- TASK DIRECTIONS: The exercise calls for the lines from the one containing "LINTASKAPUAS I PONTIANAK" to the end of the data below to be output exactly, pictures excluded.

- RECORDS TO USE:

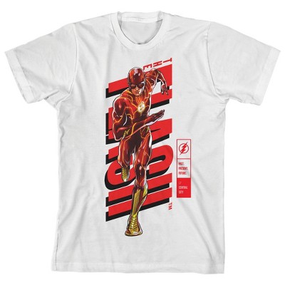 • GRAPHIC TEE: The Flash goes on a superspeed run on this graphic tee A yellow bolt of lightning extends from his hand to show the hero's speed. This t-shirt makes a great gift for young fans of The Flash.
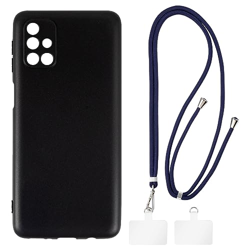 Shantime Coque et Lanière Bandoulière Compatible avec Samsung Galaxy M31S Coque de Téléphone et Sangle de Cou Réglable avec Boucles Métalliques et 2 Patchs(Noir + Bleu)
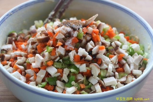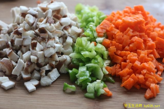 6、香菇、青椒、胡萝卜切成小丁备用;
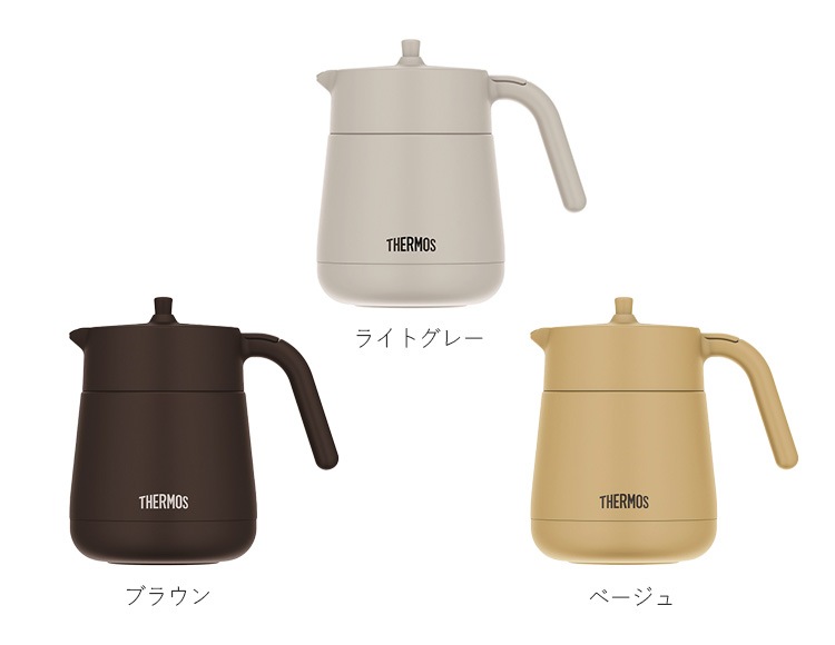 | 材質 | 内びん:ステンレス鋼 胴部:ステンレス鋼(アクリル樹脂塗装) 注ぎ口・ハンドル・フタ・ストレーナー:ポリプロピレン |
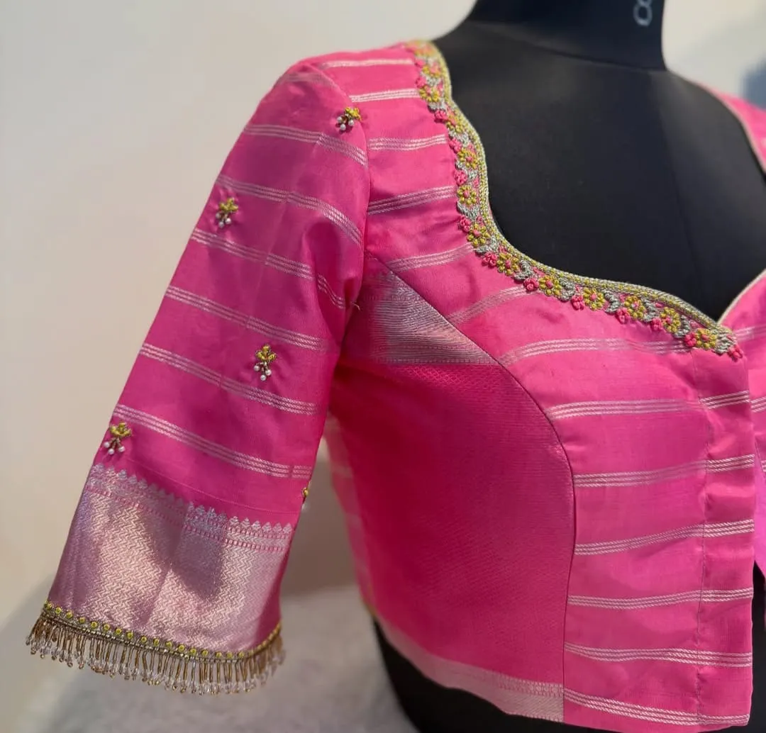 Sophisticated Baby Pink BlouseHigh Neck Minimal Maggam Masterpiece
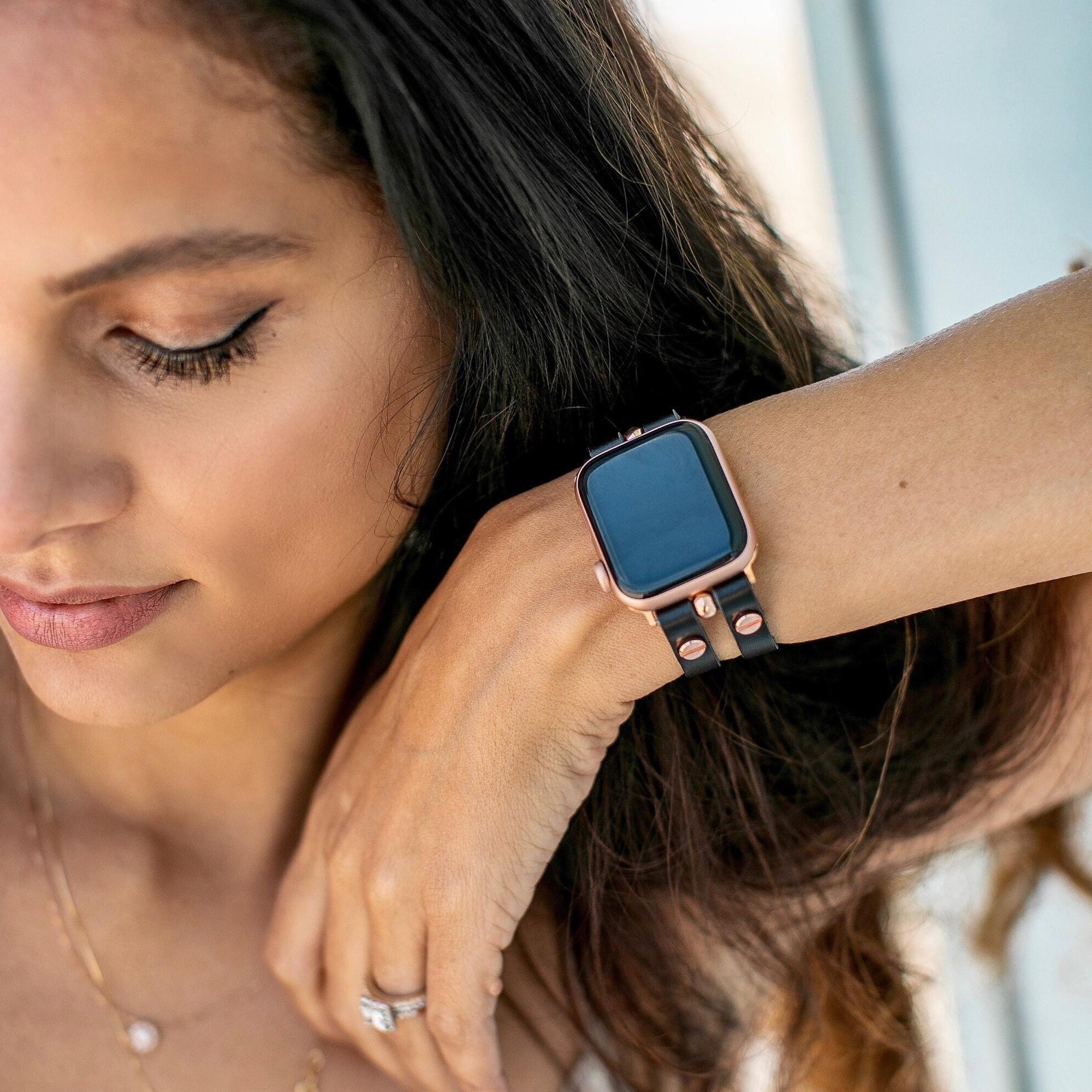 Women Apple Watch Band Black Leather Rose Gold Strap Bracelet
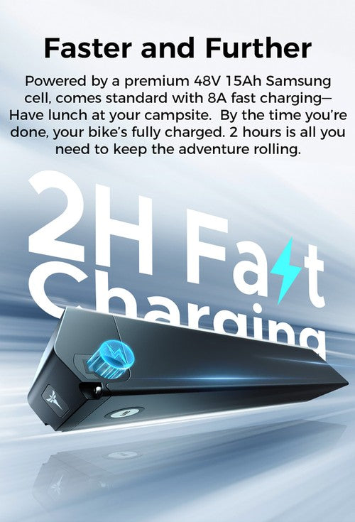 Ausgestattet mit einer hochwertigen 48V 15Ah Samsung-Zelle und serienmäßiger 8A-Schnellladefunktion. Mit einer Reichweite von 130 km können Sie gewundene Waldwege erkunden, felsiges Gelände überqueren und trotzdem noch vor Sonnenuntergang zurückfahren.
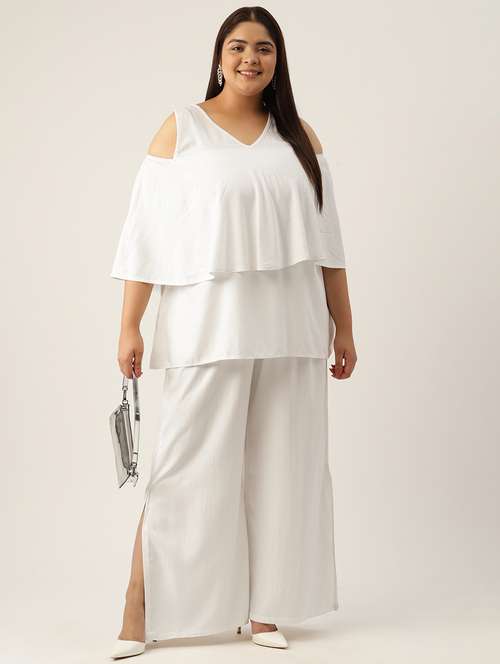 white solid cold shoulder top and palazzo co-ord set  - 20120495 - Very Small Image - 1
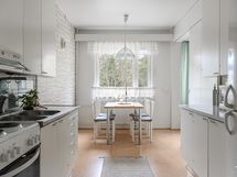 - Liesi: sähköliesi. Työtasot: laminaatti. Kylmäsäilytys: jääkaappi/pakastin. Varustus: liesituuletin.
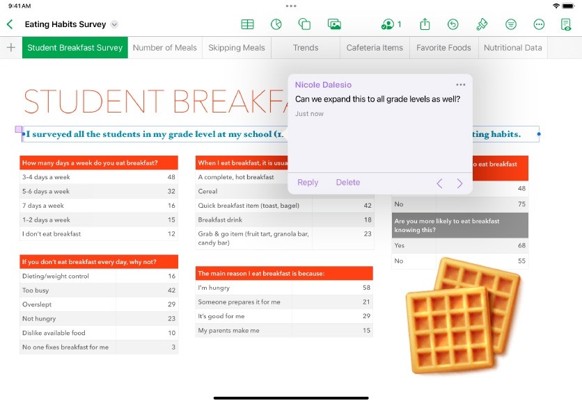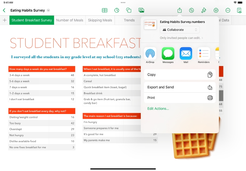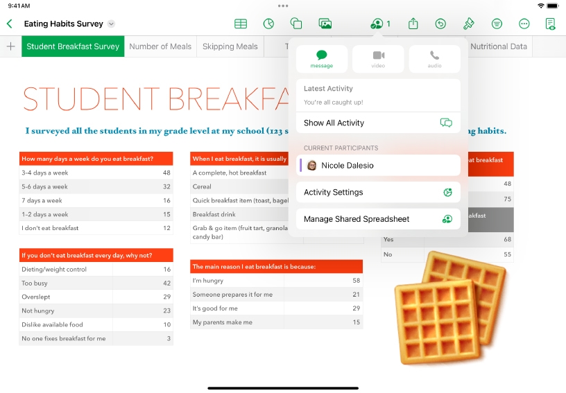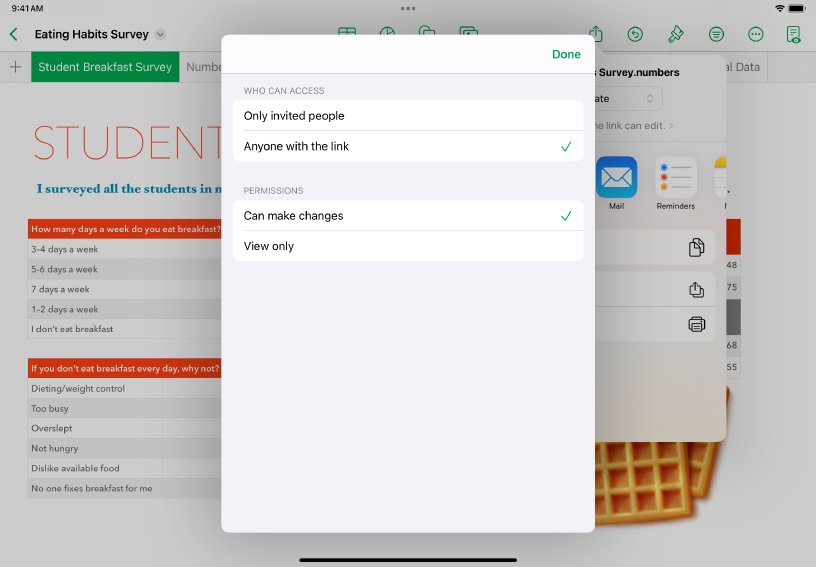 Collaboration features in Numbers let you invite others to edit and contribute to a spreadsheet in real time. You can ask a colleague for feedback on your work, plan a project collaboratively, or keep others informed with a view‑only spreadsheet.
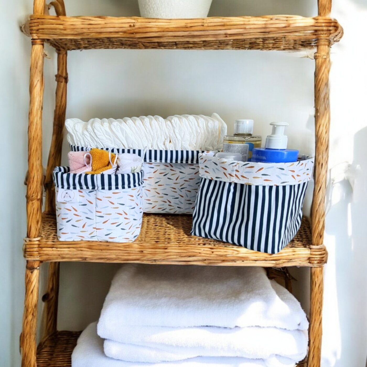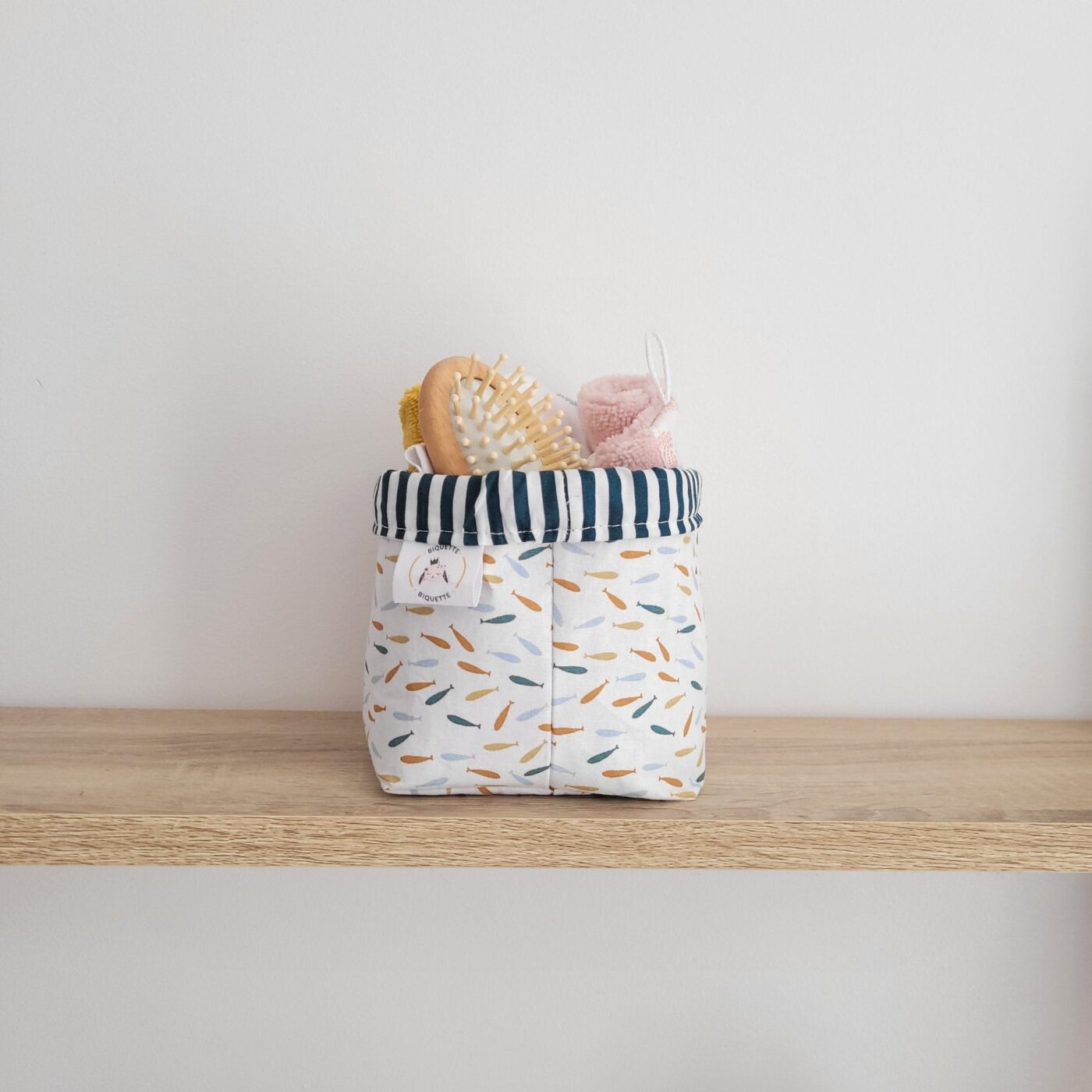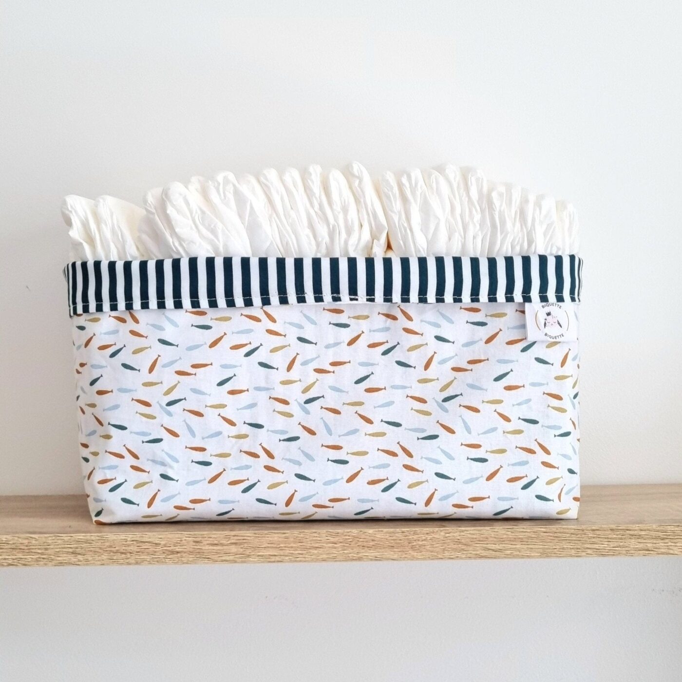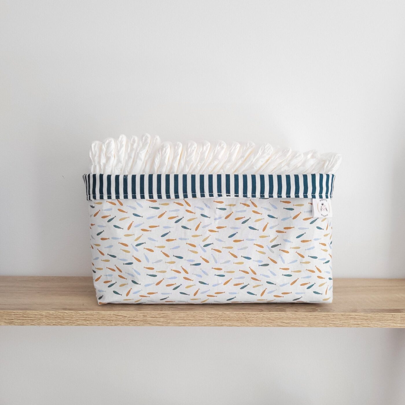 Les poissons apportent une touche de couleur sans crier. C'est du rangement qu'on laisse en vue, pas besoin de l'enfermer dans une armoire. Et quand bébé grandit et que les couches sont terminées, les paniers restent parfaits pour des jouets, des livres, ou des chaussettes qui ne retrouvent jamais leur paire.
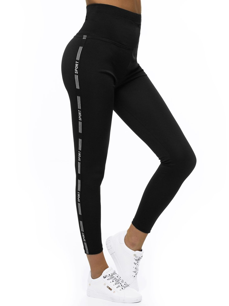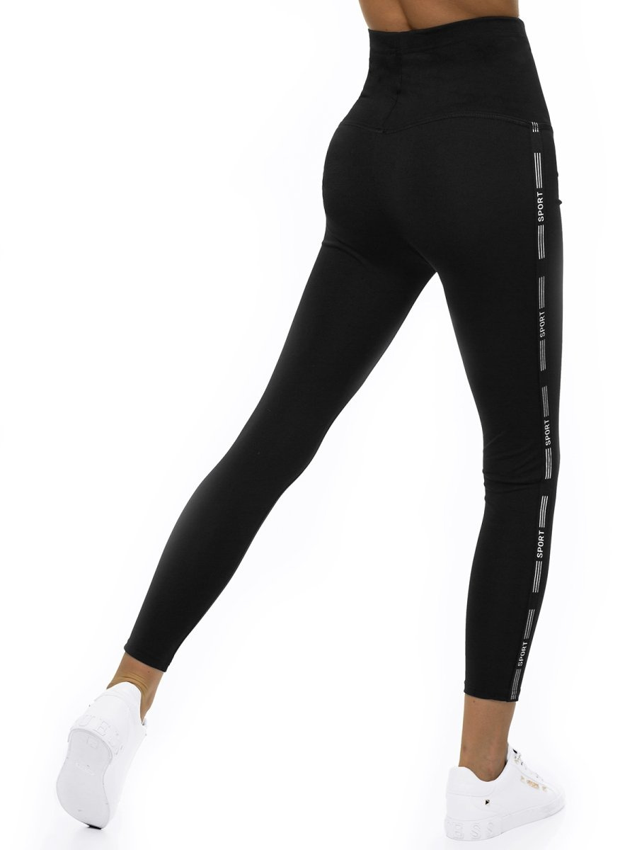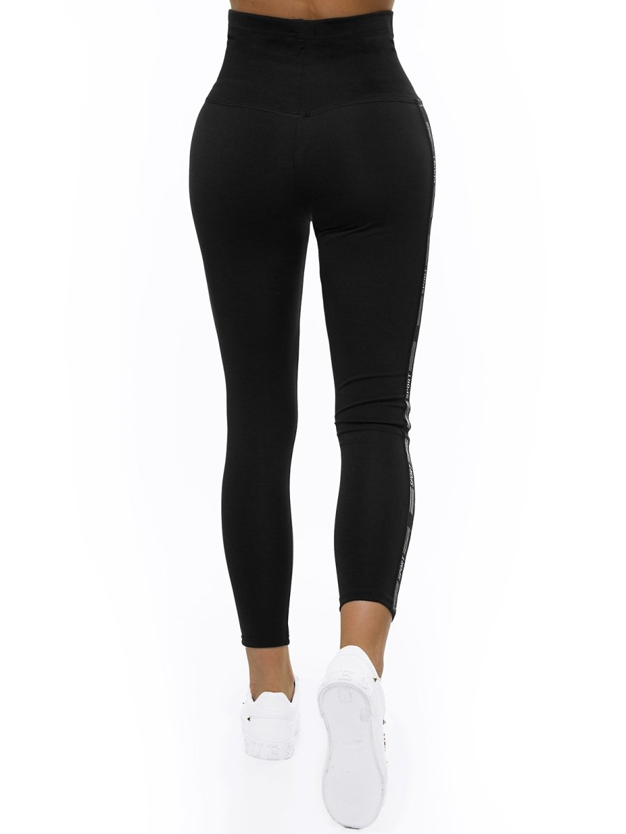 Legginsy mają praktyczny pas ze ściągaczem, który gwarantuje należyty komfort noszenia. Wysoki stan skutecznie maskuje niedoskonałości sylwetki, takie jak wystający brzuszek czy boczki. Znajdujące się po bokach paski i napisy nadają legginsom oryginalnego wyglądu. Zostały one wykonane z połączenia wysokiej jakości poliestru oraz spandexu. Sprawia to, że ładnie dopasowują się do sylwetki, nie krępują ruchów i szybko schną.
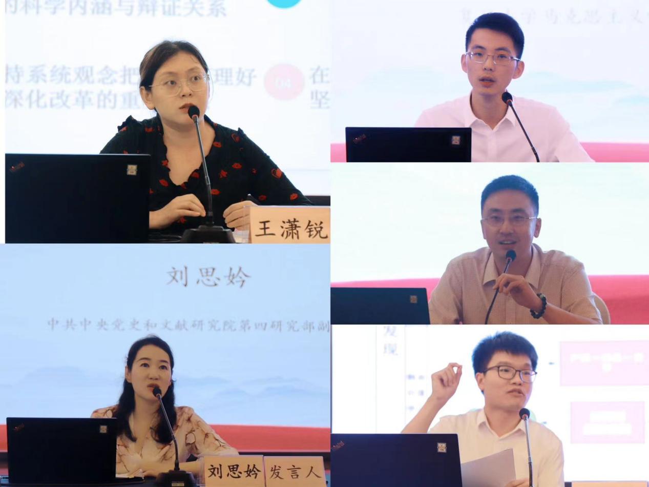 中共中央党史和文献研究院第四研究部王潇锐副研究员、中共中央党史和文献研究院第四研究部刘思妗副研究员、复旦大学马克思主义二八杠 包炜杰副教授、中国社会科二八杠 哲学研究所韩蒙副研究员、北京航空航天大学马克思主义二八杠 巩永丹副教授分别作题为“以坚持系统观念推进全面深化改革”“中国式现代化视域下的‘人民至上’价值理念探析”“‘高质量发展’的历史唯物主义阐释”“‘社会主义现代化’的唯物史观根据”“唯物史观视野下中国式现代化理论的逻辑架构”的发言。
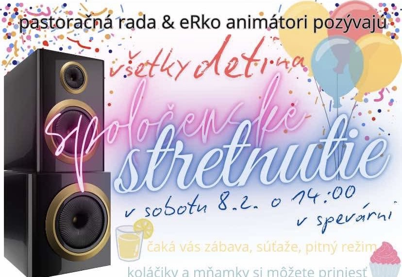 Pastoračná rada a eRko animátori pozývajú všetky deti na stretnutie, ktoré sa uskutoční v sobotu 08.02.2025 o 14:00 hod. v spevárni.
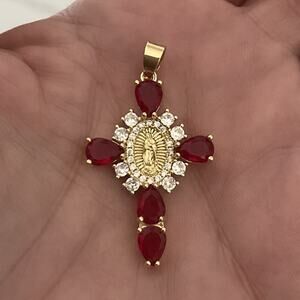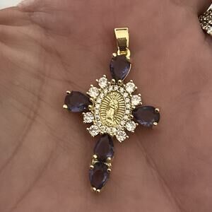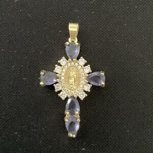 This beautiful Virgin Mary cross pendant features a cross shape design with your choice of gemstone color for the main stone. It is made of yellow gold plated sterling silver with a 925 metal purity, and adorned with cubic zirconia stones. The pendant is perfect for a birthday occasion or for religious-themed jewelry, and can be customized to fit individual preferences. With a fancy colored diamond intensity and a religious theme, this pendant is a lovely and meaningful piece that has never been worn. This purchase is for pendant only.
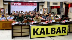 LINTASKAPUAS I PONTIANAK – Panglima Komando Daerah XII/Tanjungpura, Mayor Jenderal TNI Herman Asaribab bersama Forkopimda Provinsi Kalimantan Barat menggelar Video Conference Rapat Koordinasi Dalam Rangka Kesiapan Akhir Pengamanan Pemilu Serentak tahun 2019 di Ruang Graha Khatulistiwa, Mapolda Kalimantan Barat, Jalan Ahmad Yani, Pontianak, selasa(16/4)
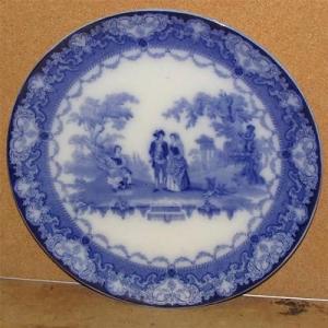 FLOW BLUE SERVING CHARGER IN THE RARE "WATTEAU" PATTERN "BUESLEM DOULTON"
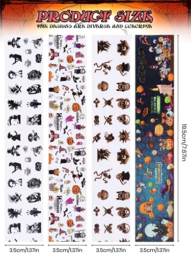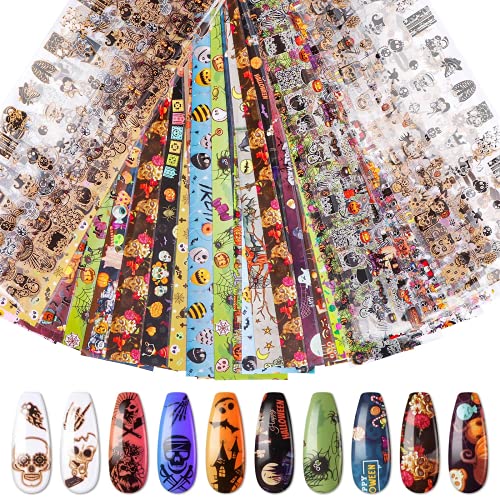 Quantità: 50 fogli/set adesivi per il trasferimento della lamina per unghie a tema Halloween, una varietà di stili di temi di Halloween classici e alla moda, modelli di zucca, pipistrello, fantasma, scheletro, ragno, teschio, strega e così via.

- RESULT:
 LINTASKAPUAS I PONTIANAK – Panglima Komando Daerah XII/Tanjungpura, Mayor Jenderal TNI Herman Asaribab bersama Forkopimda Provinsi Kalimantan Barat menggelar Video Conference Rapat Koordinasi Dalam Rangka Kesiapan Akhir Pengamanan Pemilu Serentak tahun 2019 di Ruang Graha Khatulistiwa, Mapolda Kalimantan Barat, Jalan Ahmad Yani, Pontianak, selasa(16/4)
 FLOW BLUE SERVING CHARGER IN THE RARE "WATTEAU" PATTERN "BUESLEM DOULTON"
 Quantità: 50 fogli/set adesivi per il trasferimento della lamina per unghie a tema Halloween, una varietà di stili di temi di Halloween classici e alla moda, modelli di zucca, pipistrello, fantasma, scheletro, ragno, teschio, strega e così via.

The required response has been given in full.